An appeals court Friday overturned a temporary injunction that has blocked a new law requiring women to wait 24 hours before having abortions in Florida.
As a result, the law went into effect immediately after the ruling.
A three-judge panel of the 1st District Court of Appeal said a Leon County circuit judge failed to show the need for the injunction, issued last summer after the Legislature and Gov. Rick Scott approved the law.
"The (circuit) court failed to make any findings regarding the state's compelling interests in support of this statute, which the state has argued include compelling interests in providing women a short time to reflect privately after receiving required relevant information, in maintaining the integrity of the medical profession by making that post-informed reflective time free from influence by a physician or clinic personnel, in protecting the unique potentiality of human life, in protecting the organic law of Florida from interpretations and impacts never contemplated or approved by Floridians or their elected representatives, and in protecting the viability of a duly-enacted state law," the ruling said.
Supporters of the law have argued the waiting period would give women more time to reflect on whether to have abortions.
"We are pleased the court agrees with us and has allowed this important law to go into effect," said Kylie Mason, press secretary to Attorney General Pam Bondi, whose office argued the state's case.
But the Center for Reproductive Rights and the American Civil Liberties Union — which sought the injunction on behalf of Gainesville Woman Care LLC and Medical Students for Choice — said they would seek to get the temporary injunction reinstated to block the law from taking effect while litigation proceeds.
The groups said the law would impose hardships on women seeking abortions because it would force them to miss work, lose wages and pay for additional child care and travel.
"When a woman has made the decision to end a pregnancy, she needs compassionate care — not insulting and potentially dangerous delays mandated by politicians who presume to know better," Autumn Katz of the Center for Reproductive Rights said in a statement. "We vow to fight this law until the courts permanently strike it down, ensuring that Florida women are able to get the health care they need."
Opponents of the law also maintain it is unconstitutional, in part because it would be an intrusion into private medical decisions.
In arguing the case before the appeals court, American Civil Liberties Union attorney Julia Kaye cited a landmark 1989 Florida Supreme Court case known as "In re TW," which abortion-rights advocates say protects the right to privacy and provides a powerful legal shield for women seeking abortions.
But Rep. Jennifer Sullivan (R-Mount Dora) who sponsored the waiting-period bill during last year's legislative session, said she was confident it would pass constitutional muster.

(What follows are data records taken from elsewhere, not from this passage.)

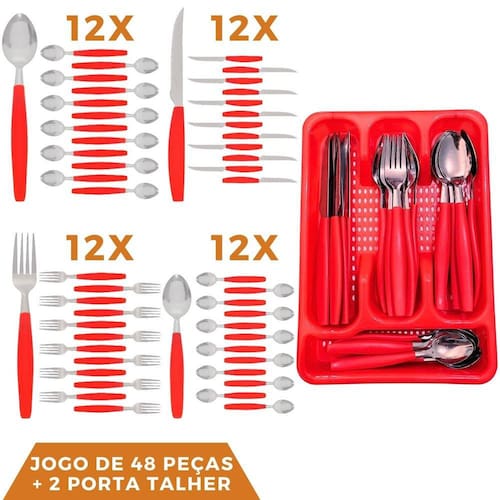 Conj de talheres + porta talher O Conjunto de talheres com porta talher é um conjunto de utensílios de mesa composto por talheres básicos, como garfos, facas, colheres e colheres de chá, acompanhados de um prático porta talheres para armazenamento e transporte conveniente. Esse conjunto é ideal para uso em casa, em viagens, acampamentos, piqueniques e outras ocasiões em que seja necessário levar os talheres consigo. Os talheres são compostos por aço inoxidável de alta qualidade e um porta talher feito de plástico durável. Os talheres são fabricados em aço inoxidável, um material conhecido por sua resistência à corrosão e durabilidade. Eles são projetados para serem resistentes e duráveis, permitindo o uso contínuo sem enferrujar ou corroer, mesmo com o contato frequente com alimentos e água.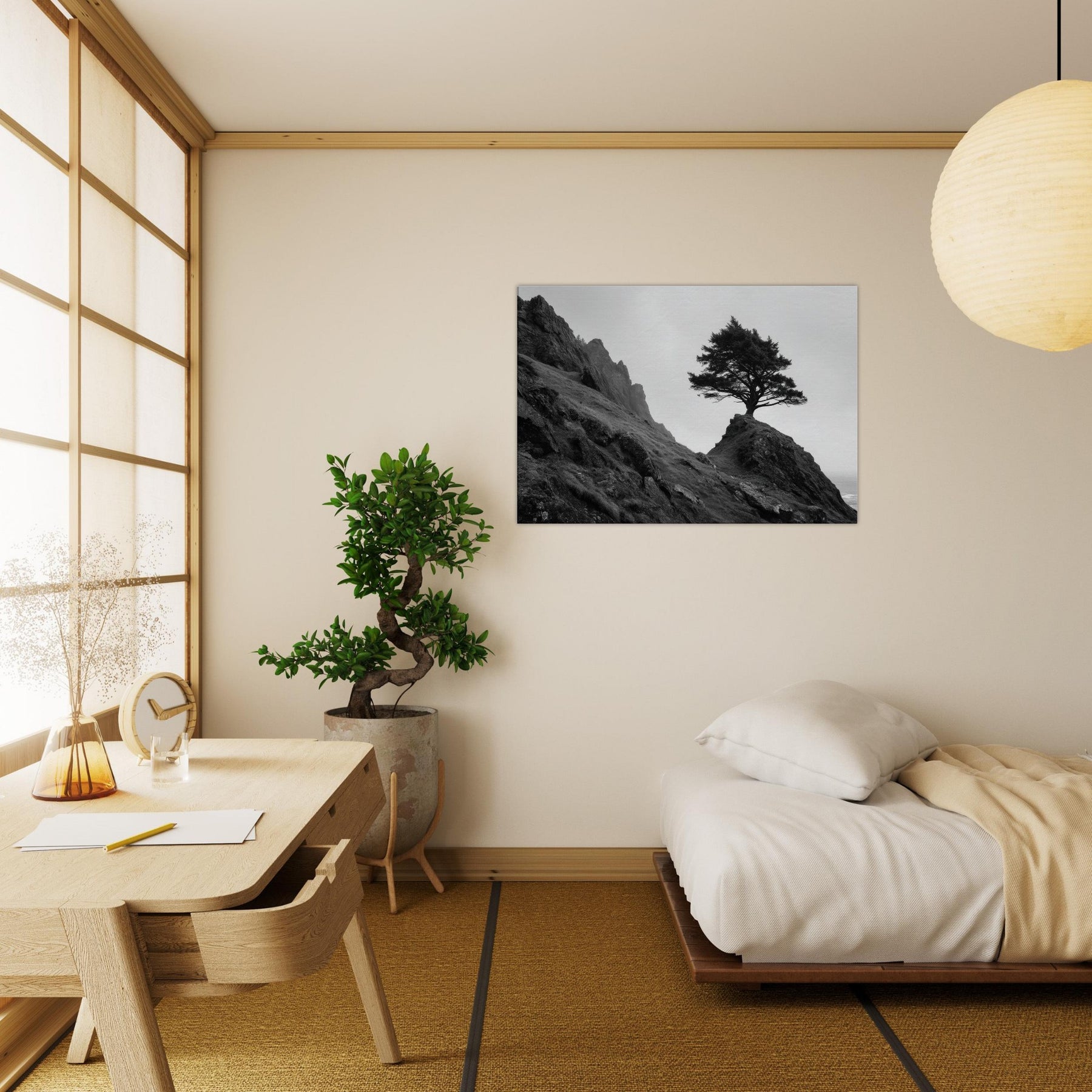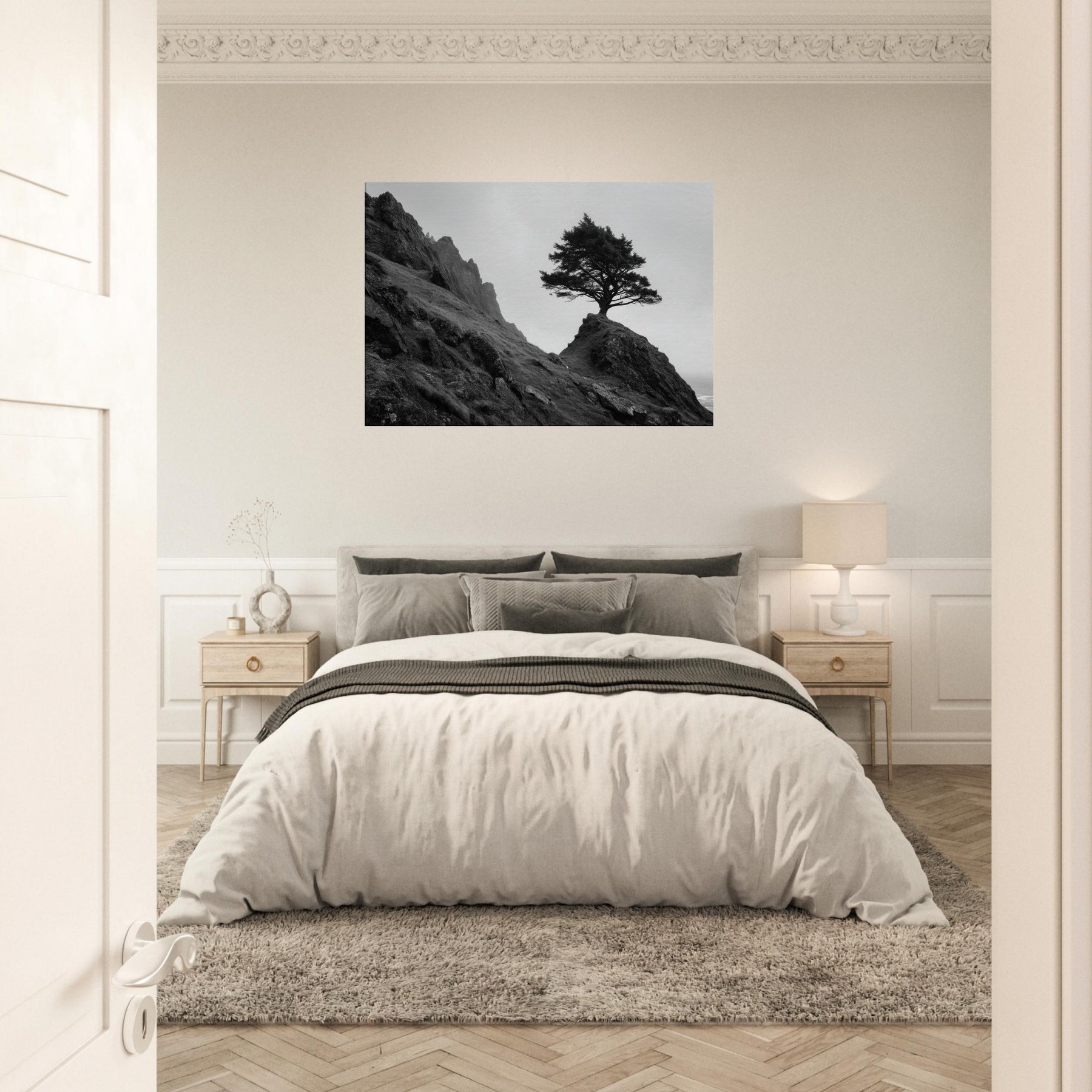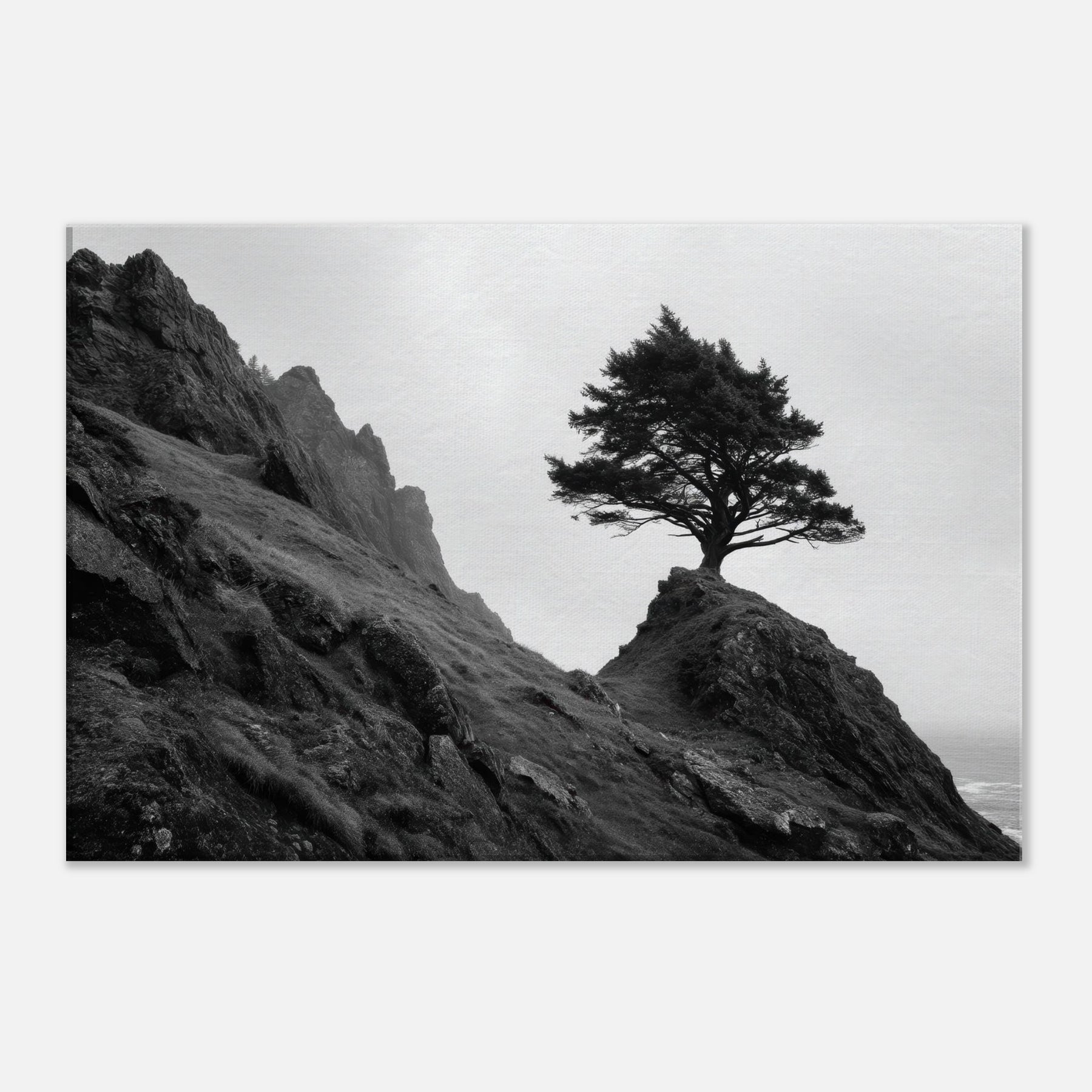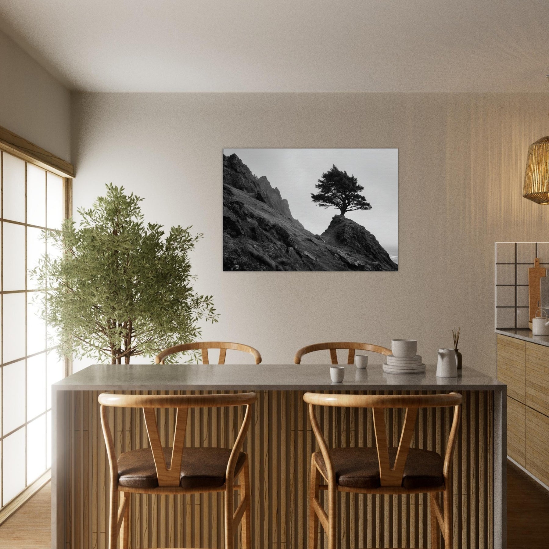 In monochrome, the cliffs loom with weathered grace, and a solitary tree clings to a windswept ridge. The composition invites pause, with tonal gradations from deep shadow to pale light, like breath across stone. This wall art lends a calm, dramatic focal point to living spaces, pairing modern simplicity with rugged nature. It conjures coastal wind, salt, and silence, transforming any room into a contemplative retreat.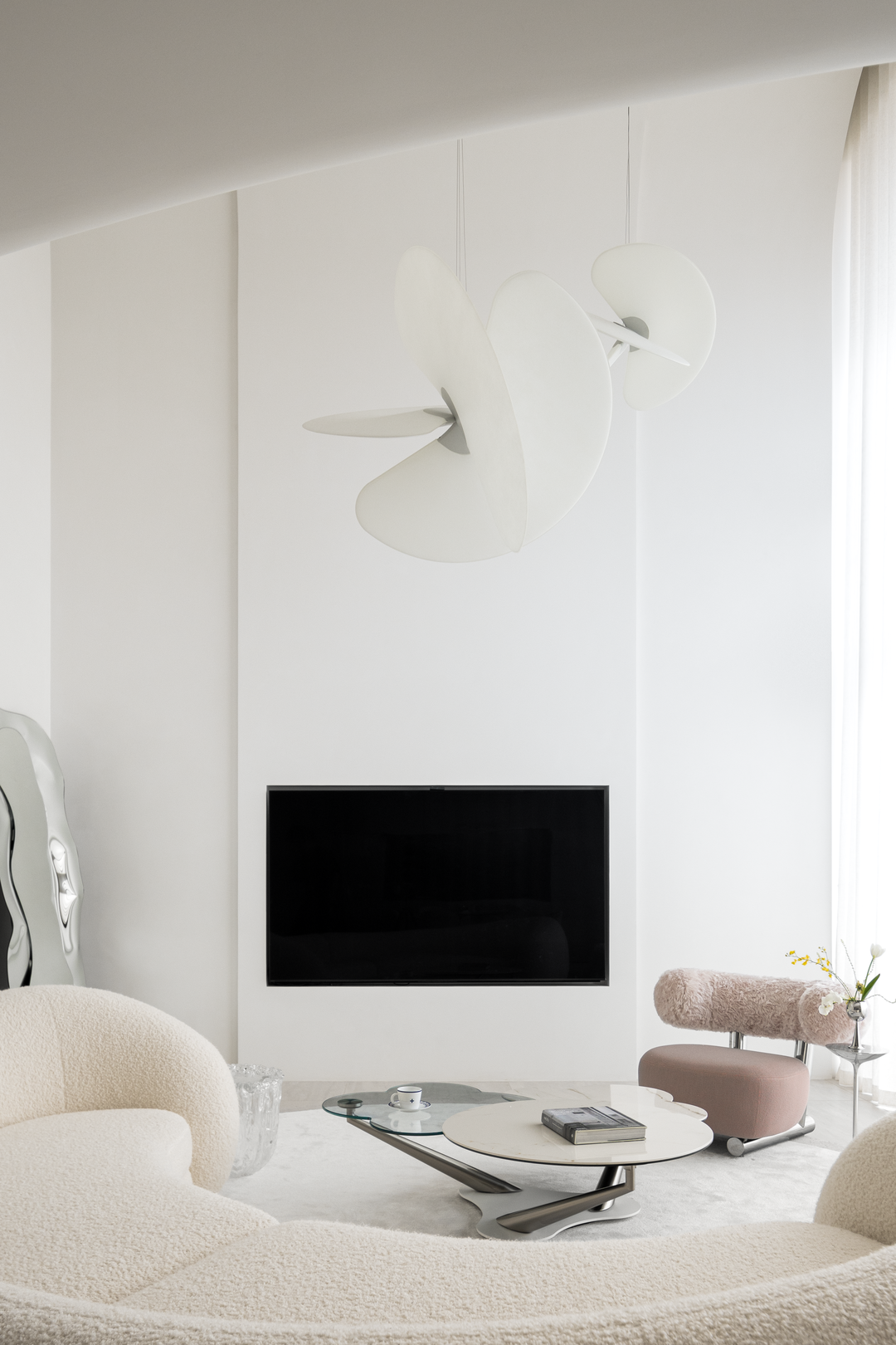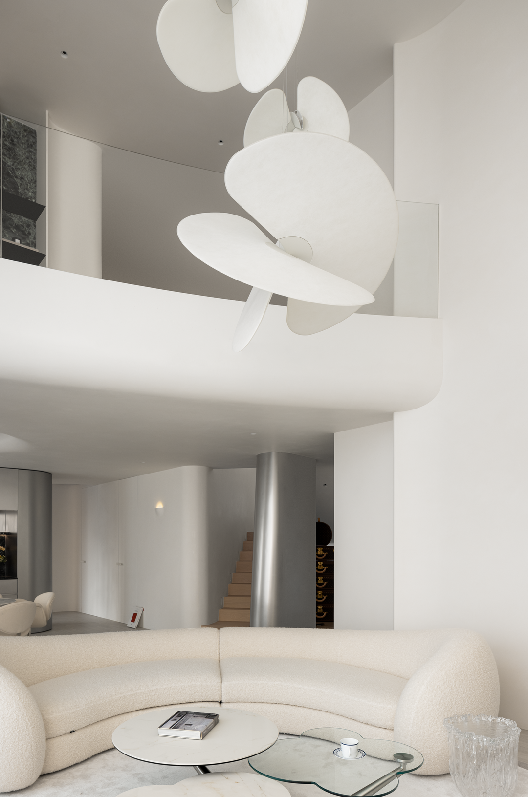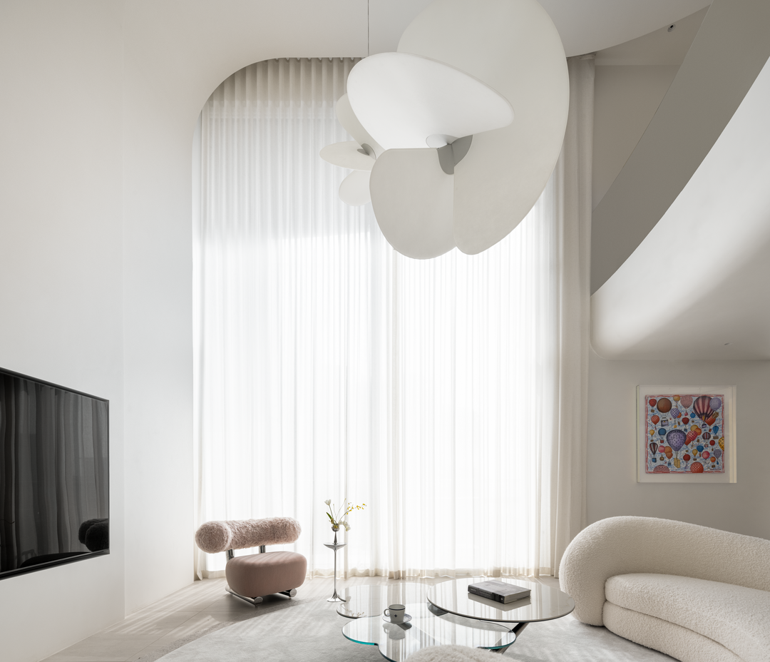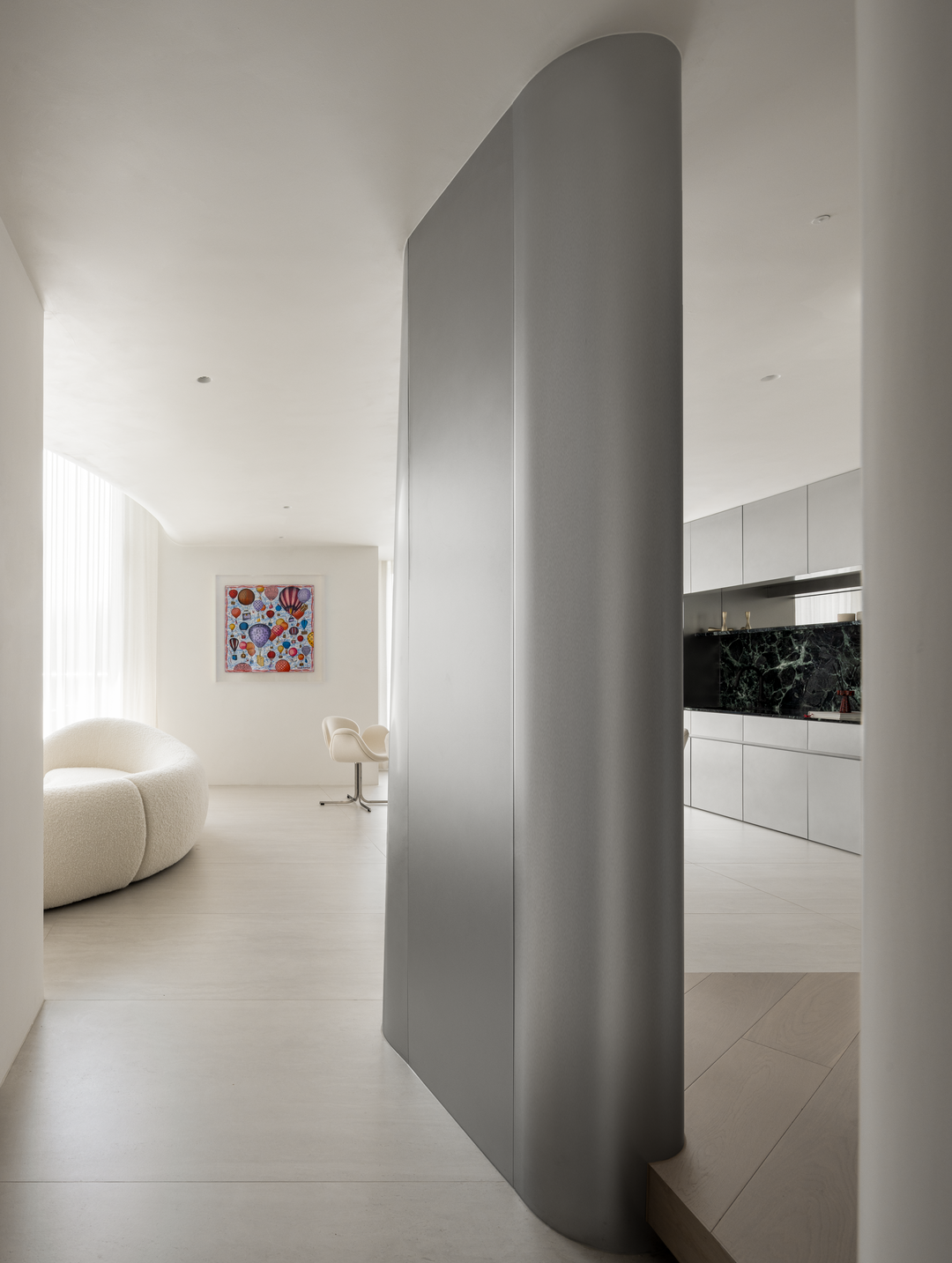蜿蜒流畅的曲线传达出传达舒缓的感官和自由的空间气息,而引人入境。素简的调性在镜面元素的融入下拉扯延伸,虚实之间逐帧生活影像。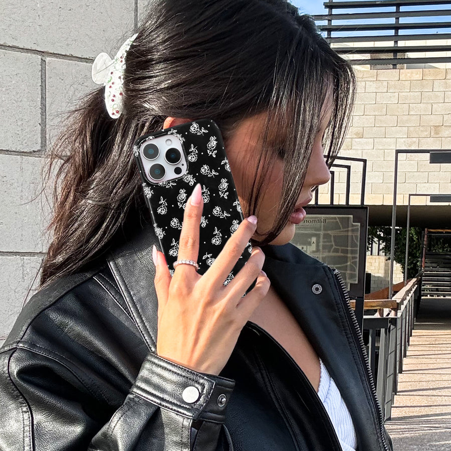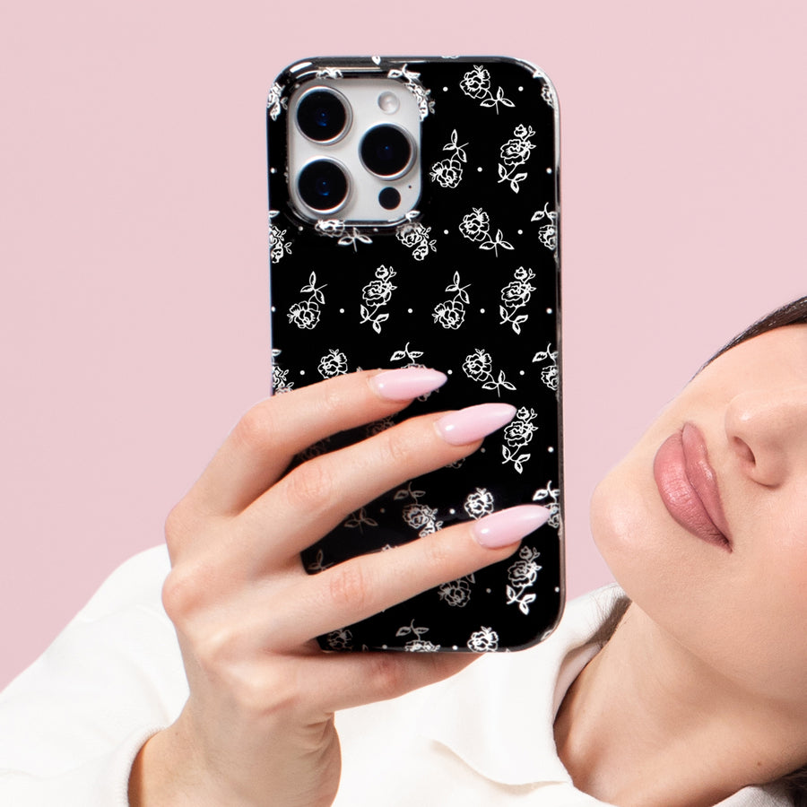 Classic and chic! This glossy MagSafe case features a 90's inspired white floral pattern and small polka dots on a black base with a monochromatic black bumper.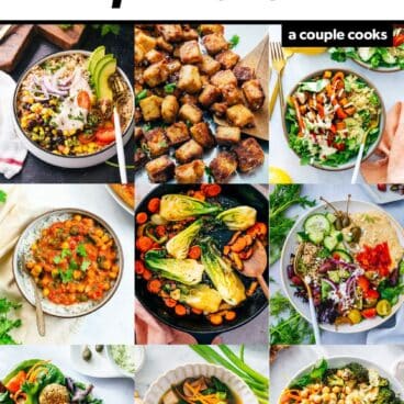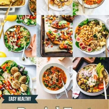 Need a healthy dinner idea? Look no further than this trusty trick: Stuffed Sweet Potatoes! Bake the spuds whole until they’re moist and tender, then top with savory fillings to make a hearty dinner recipe. The way the savory black beans contrast with the sweet orange flesh makes magic, in our opinion. (Omit the feta cheese; use Cashew Cream if desired.)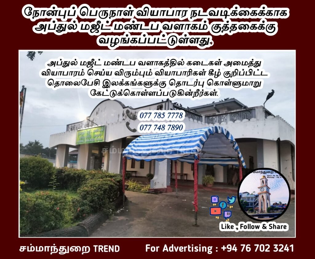 நோன்புப் பெருநாள் வியாபார நடவடிக்கைக்காகஅப்துல் மஜீட் மண்டப வளாகம் குத்தகைக்கு வழங்கப்பட்டுள்ளது. எனவே, அப்துல் மஜீட் மண்டப வளாகத்தில் கடைகள் அமைத்து வியாபாரம் செய்ய விரும்பும் வியாபாரிகள் கீழ் குறிப்பிட்ட தொலைபேசி இலக்கங்களுக்கு தொடர்பு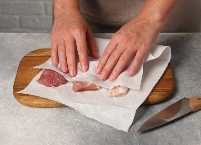 El uso de papel de cocina absorbente para secar la carne descongelada (incluso si es fresca), mejorará la cocción y reducirá riesgos de quemaduras.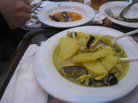 Nagu juba sai mainitud, ka Aveiro oli saabuvatele turistidele välja pannud kogu oma hiilguse: turuhoones oli angerja ja ovos moles ´i festival ja õhtul näidati kanali ääres nn. Aveiro moeshow´d. Aga, mida ma tahan eriti rõhutada, et tulime ju ka sel aastal puhkusele suure low–budget´iga ja arvestusega, et süüa teeme kodus. Tegime seda esimesed paar päeva- siis leidsime, et sel pole mõtet… Näiteks täna, kus me käisime väljas ja sõime kahe peale ühed karbid (ameijoas), grillitud kaheksajala ja pudeli veini, maksis see meile sama, mis Tallinnas osta turult üks pudel veini, üks karpkala ja salatimaterjal sinna juurde. Aveiro restoranis maksab pudel(mitte klaas) majaveini 4.50, taldrik karpe 11.50 (sel aastal on karbid väga kallid- poes maksab kilo 15 eurot ja restoraniportsus on neid ikka tublilt üle poole kilo) ja grillitud kaheksajalg 14.50 (mida nagunii ju kodus ei tee, sest pole grilli ja ei oska ka) . Kui tahate aga päris säästu eelarvel olla, lähete välja ja tellite grillitud sardiinid 8 eurot nägu ja pudel veini 4.50. Aveiro restos on aga sardiini portsud suured- jätkub ka kahepeale ühest ) Eestis ei tee kodus ka nii odavalt süüa 🙂 Kõik see jutt ei kehti muidugi Algarve, Lissaboni ja ka Porto jõeäärsete restoranide kohta, kus turistid on juba turu ära solkinud… Aga Vigos, Hispaanias, Portugali piiri ääres pidi olema lausa paradiis- Hispaaniale on see unustatud ääreala, aga samas on seal kalasadam ja mereannid pidid olema veel odavamad kui Portugalis 🙂

"I've done a lot of research on it, and I've looked at a lot of other states," she said. "Florida's constitution has a strict privacy clause, and that's why I worked with subject-matter experts and lawyers. … I do believe this is constitutional, and at the end of the lawsuit will be ruled that way."
The ruling by judges Susan Kelsey, Brad Thomas and William F. Stone suggested the appeals-court panel shared Sullivan's view.
"The trial court did not address the state's arguments, such as whether, in passing the privacy amendment in 1980, voters intended to deprive Florida and its citizens of the benefits of advances in medical knowledge and evolutions in federal law recognizing increasingly compelling state interests arising from, among other factors, the potentiality of life uniquely represented by the human fetus," the ruling said.
Tallahassee attorney Rick Johnson, local co-counsel for the Center for Reproductive Rights and the ACLU, said the ruling was unusual for putting the law into effect immediately, rather than granting a 15-day interim period.
He also said it was unusually biased.
"It was startling to see how political and how ideological that was," Johnson said. "It was a ruling that had some legal content, but … I think that they could have reached the result that the trial judge had incorrectly entered a stay and they could have given legal reasons for doing that. But they used the opinion as an opportunity to make a political statement and a religious statement against abortion."
Sullivan disagreed, saying the plaintiffs did not make their case.
"And so because they've lost, if they choose to make the statement that they think it's for political reasons, I think that's a political statement on their part. I think that they didn't have the evidence," she said.